Table 1: Antimicrobial activity [IZD (mm) and IZD2 (mm)2] of column ethyl acetate
fractions of L. arboreus leaves
Column S. B. E. K. P. C. A.
fractions aureus subtilis coli pneumoniae aeruginosa albicans niger
F1 18** 15** 10** 14** 5 5 4
F2 10 9 8 7 4 2 1
F3 9 7 6 7 3 1 3
F4 9 7 8 5 3 2 2
** P<0.01: Values significantly higher when compared to the other fractions.
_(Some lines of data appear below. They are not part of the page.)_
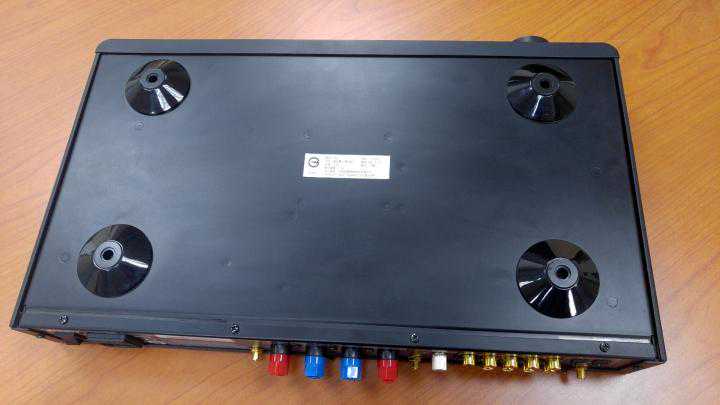 翻过来,底部也没有散热孔,这夸张了,NAD这么有信心,不怕高温烧坏了?上网查才知道用了HYPEXD类放大模组,跟以前的AB类有硕大的变压器不同了,D类的设计是不会产生高温的,失真也小,从此机内再也不用担心有灰尘了。
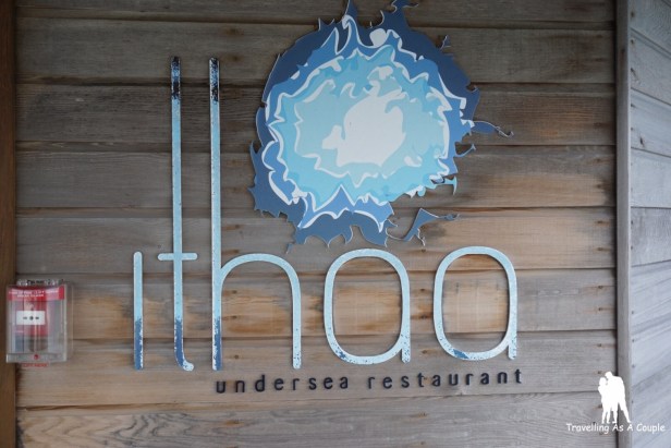 Ithaa Undersea Restaurant จะอยู่ฝั่ง Main Island โดยต้องเดินผ่านห้องอาหาร Sunset Bar & Grill เข้าไป โดยตัวห้องอาหารจะอยู่ลึกลงไปในทะลประมาณ 5 เมตร ซึ่งถ้าเราอยู่ด้านบนจะสามารถมองลงไปเห็นห้องอาหารได้แบบลางๆ เวลาเปิดจะให้เข้าพร้อมกันคือประมาณ 12.30 น. ถ้ามาถึงก่อนก็จะไปนั่งเล่นที่ Sunset Bar & Grill ก่อนก็ได้
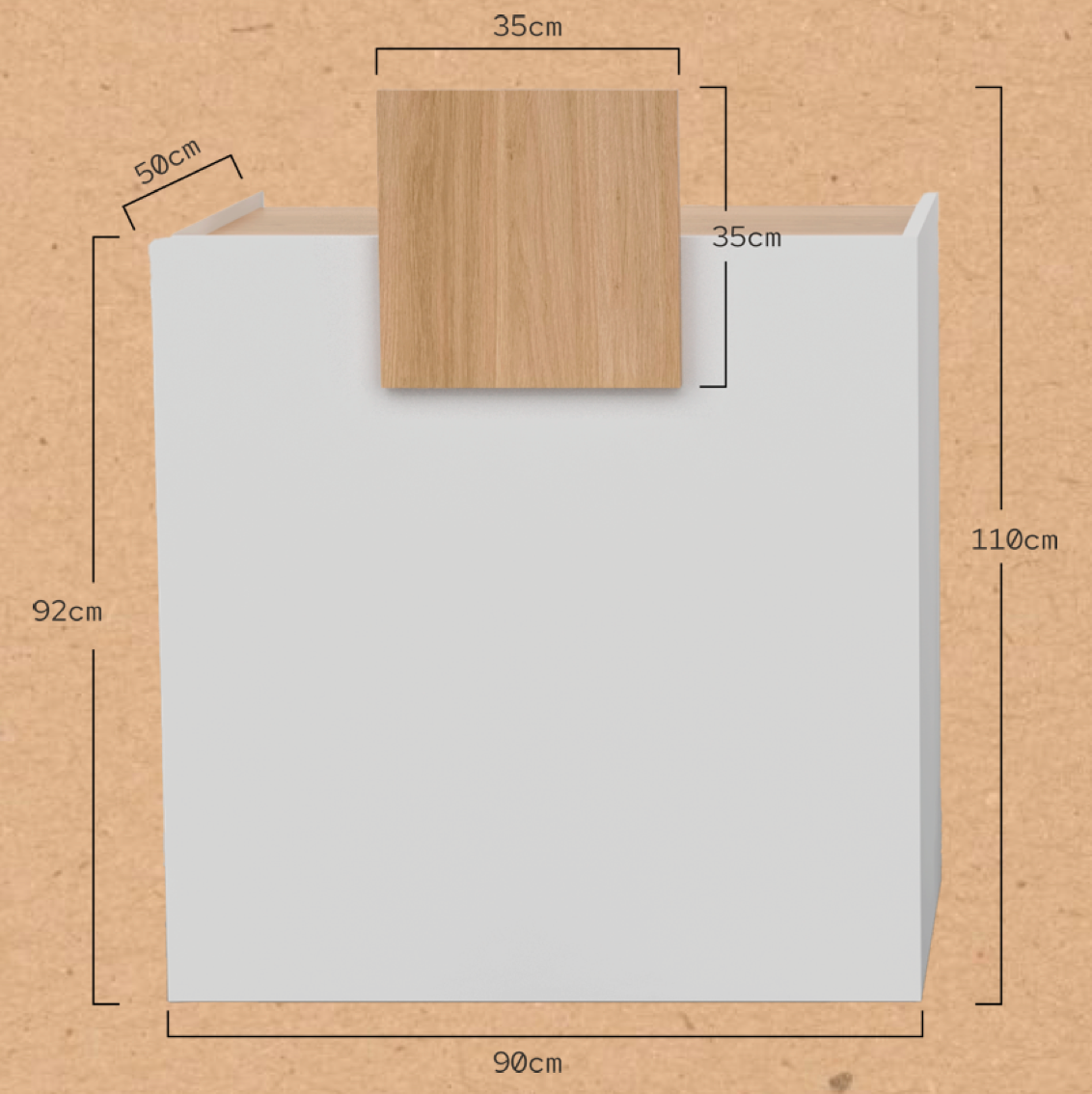 Empfangsschrank für Schönheitssalons, Friseure und Barbiere. Die Struktur der Möbel besteht aus hochdichtem Holz, ist mit einer Melaminplatte mit verschiedenen Effekten versehen und verfügt über PVC-Kanten, die für eine perfekte Abdichtung mit Polyurethankleber überzogen sind. Oberes Regal und dekorative erhöhte Frontplatte in verschiedenen Farben. Der Innenraum ist so gestaltet, dass er den Stauraum auf intelligente Weise maximiert.
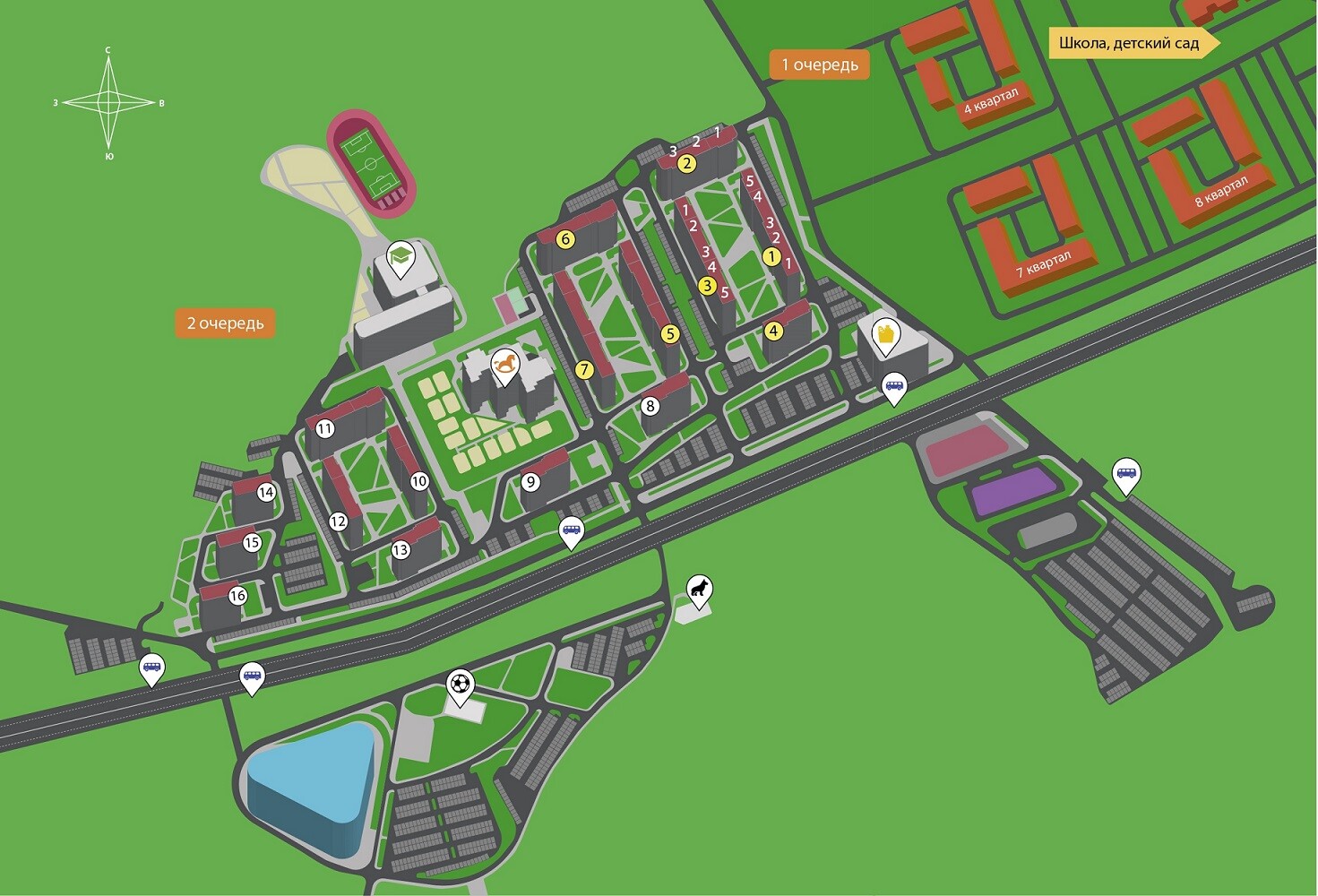 Объекты социальной инфраструктуры возводятся муниципалитетом, посредством включения в соответствующие городские программы социально - экономического развития. На фото представлена примерная визуальная концепция, реальный вид объектов может отличаться.
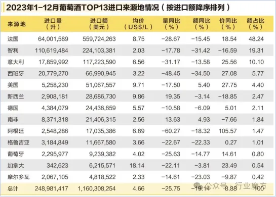 6、2023年1-12月中国葡萄酒进口来源地分布情况
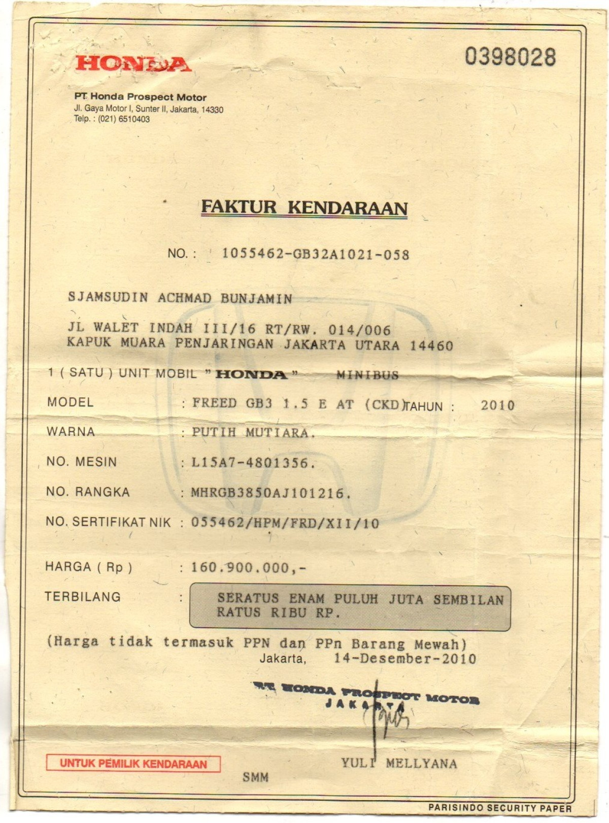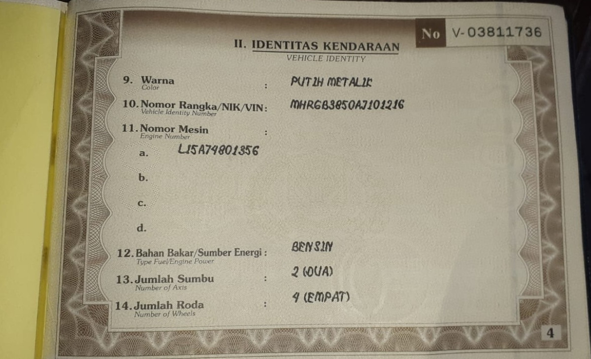 | No. Rangka | : | MHRGB3850AJ101216 |
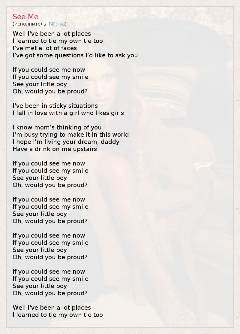 А как ты думаешь, о чем песня "See Me" ?
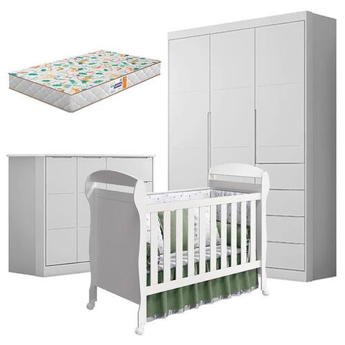 Quarto de Bebê Eloá com Berço Americano Danny Branco Acetinado e Colchão da Gazin – Phoenix Baby
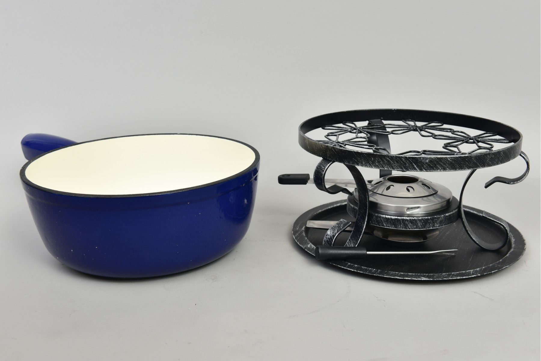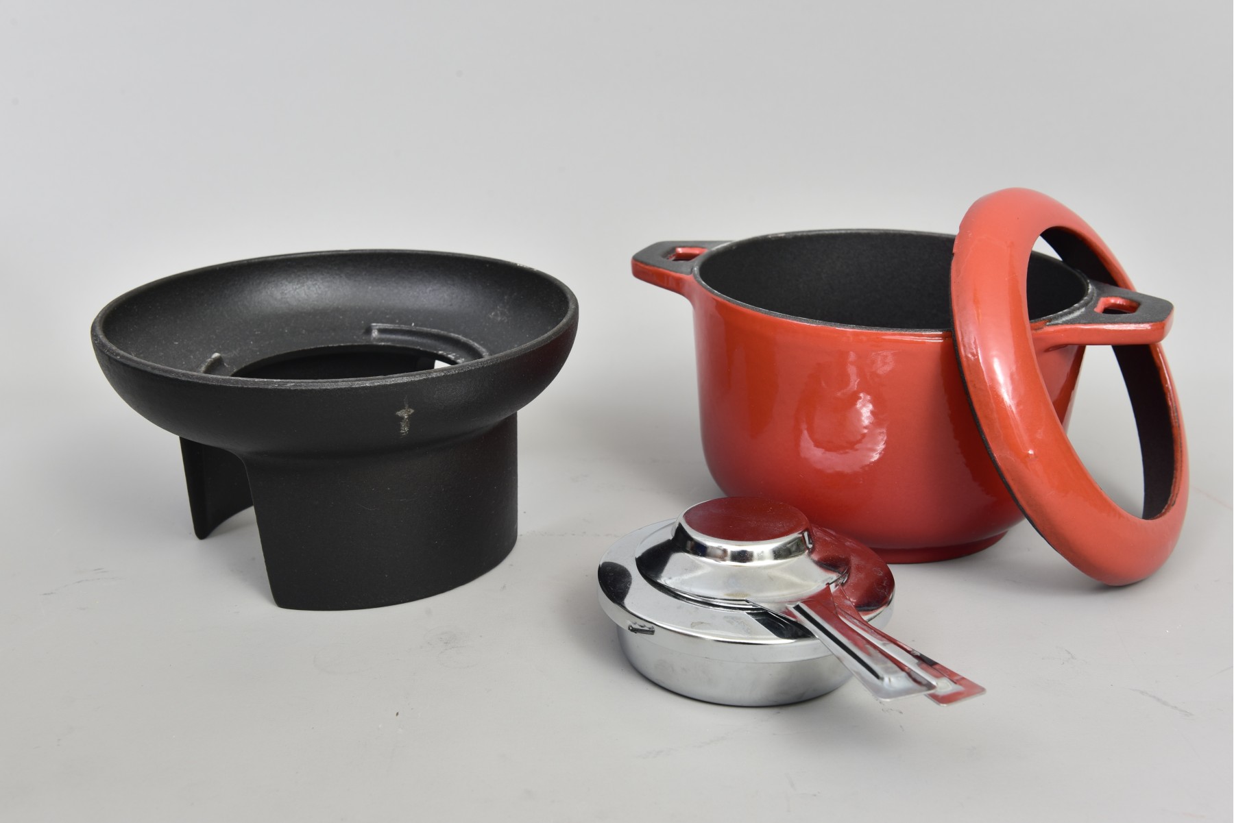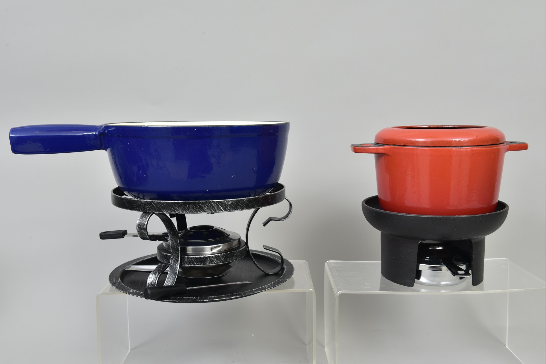 Includes an Artestia cast iron fondue pot set and red enamel cast iron fondue pot with lid and stand.
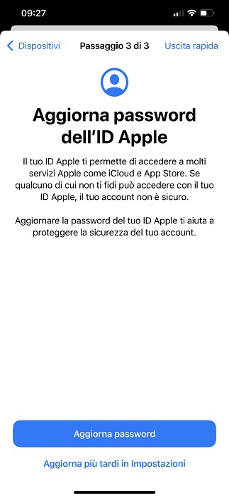 Nello step successivo vi verrà chiesto di modificare il vostro ID Apple. Per farlo, non dovete far altro che premere sul pulsante Aggiorna password e digitare la vostra nuova password per effettuare l’accesso all’account.
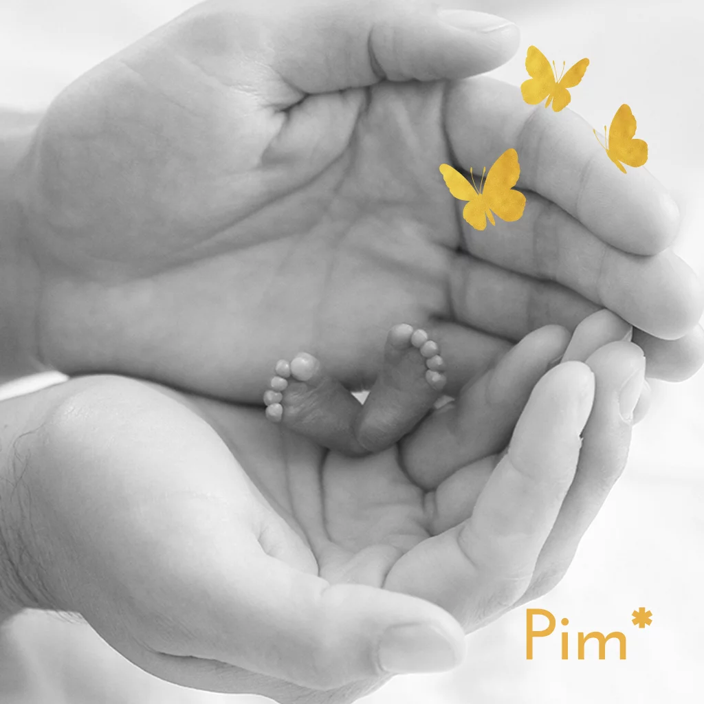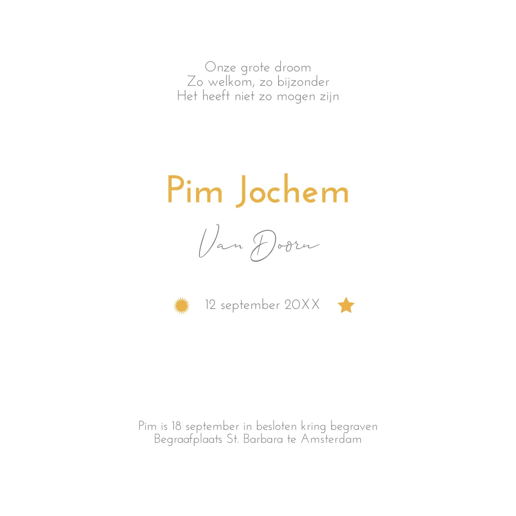Stijlvolle rouwkaart voor vlinderkindje, de kleuren van de vlinders en teksten kun je zelf aanpassen. Gebruik deze foto of plaats zelf een mooie foto van jullie te vroeg geboren kleintje.
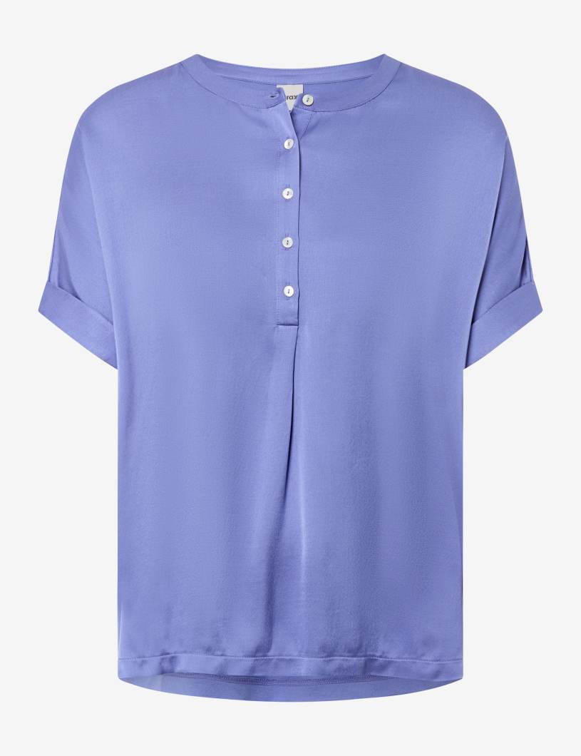 Ein feminines Essential mit moderner Leichtigkeit – das Hybridshirt für Damen im Style Claire.S verleiht schlichten Looks ein elegantes Finish.. Der entspannte Schnitt mit überschnittenen Schultern, angeschnittenen Ärmeln und einer kurzen Knopfleiste verleiht dem Look eine unaufgeregte Struktur. Dezente Details wie der schmale Rundhalsausschnitt und die fixierten Ärmelaufschläge unterstreichen den minimalistischen Stil und machen das Shirt zu einem vielseitigen Begleiter für Büro, Freizeit oder gepflegte Casual-Outfits. Die fließende Vorderseite bringt eine feminine Note ins Spiel und sorgt für eine sanfte, elegante Silhouette. Im Kontrast dazu steht das Rückenteil, das bewusst auf Bewegungsfreiheit und Tragekomfort setzt – eine Kombination, die nicht nur optisch harmoniert, sondern sich auch angenehm auf der Haut anfühlt. Gefertigt ist das Vorderteil aus hochwertiger Viskose mit geschmeidigem Fall, während die Rückseite aus softem Jersey besteht, der für eine flexible Passform sorgt.
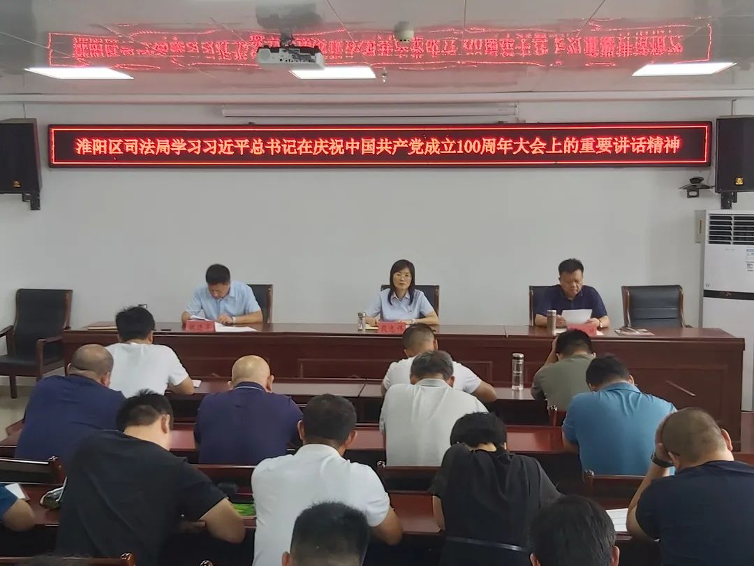 7月12日,淮陽區(qū)司法局召開全體會議,學習貫徹習近平總書記在慶祝中國共產(chǎn)黨成立100周年大會上的重要講話精神,研究部署貫徹落實工作。
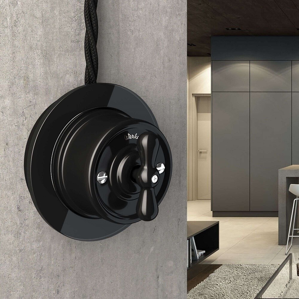 Главная / Каталог / Электрика / Розетки, выключатели / Выключатели / Выключатель Werkel Ретро двухклавишный накладной черный на 4 положения (a051452)
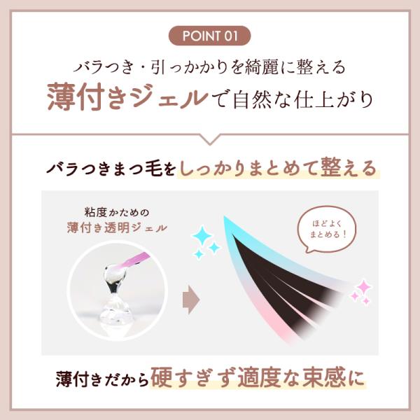 薄付きのジェルが自まつげを優しく包み込み、理想のカールとコーティングを24時間キープ。美容液成分配合で、日中のダメージから大切なまつ毛を守ります。
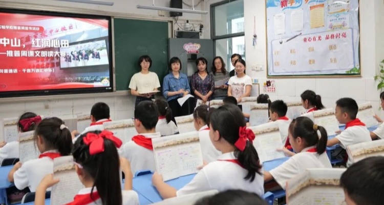 9月15日,推普周在庄严的国旗下讲话中正式启动。张雪雪老师从语言文化的角度,强调普通话作为沟通桥梁与民族精神载体的重要意义。结合抗战胜利纪念,教导处宣布以“声动中山,红润心田”为主题开展红色经典诵读大赛。张老师倡议全体师生从诵读中汲取精神力量,提升语言运用能力。动员会气氛热烈,为推普周后续活动奠定了坚实基础。

The active compound of ethyl acetate fraction responsible for the antimicrobial activity was
crystallized as amorphous solid, and tested positive for phenolic acid[11,12]. The results of
other fractions are not emphasized because they have been discussed extensively in previous
work.[10] Structurally, phenolics are classified based on substitution of one or more hydroxyl
groups and in some cases methyl groups as well, in the aromatic ring[17]. NMR spectra (2H s)
supported by signal at 7.05 identified the tetrahydroxy aromatic compound as ellagic acid.
This is in consonance with the report of Kar.[15] Accordingly, bioactivity-guided result
indicated ellagic acid in the antimicrobial effect of this plant. Prominently, it confirmed and
extrapolated as well as offered basis for previous report on the antimicrobial activity of L.
arboreus leaf.[10] This finding was of interest because the broad spectrum antimicrobial
activity justified its use in the management of wound abscesses and other wound infections.
Also, the strong activity of the compound against microorganisms implicated in
gastrointestinal (E. coli), urinary tract (S. aureus) and respiratory (K. pneumoniae) infections
remains notable. Significant activity against C. albicans an organism frequently implicated
in the pathogenesis of oral thrush[18], clearly justify the use of extracts of L. arboreus leaves
in the management of oral thrush. Though ellagic acid is well known for such activity, this is
the first time it is being isolated from this plant.

This study has isolated, characterized and identified ellagic acid, - a phenolic acid as an
active compound indicated for antimicrobial effect of L. arboreus.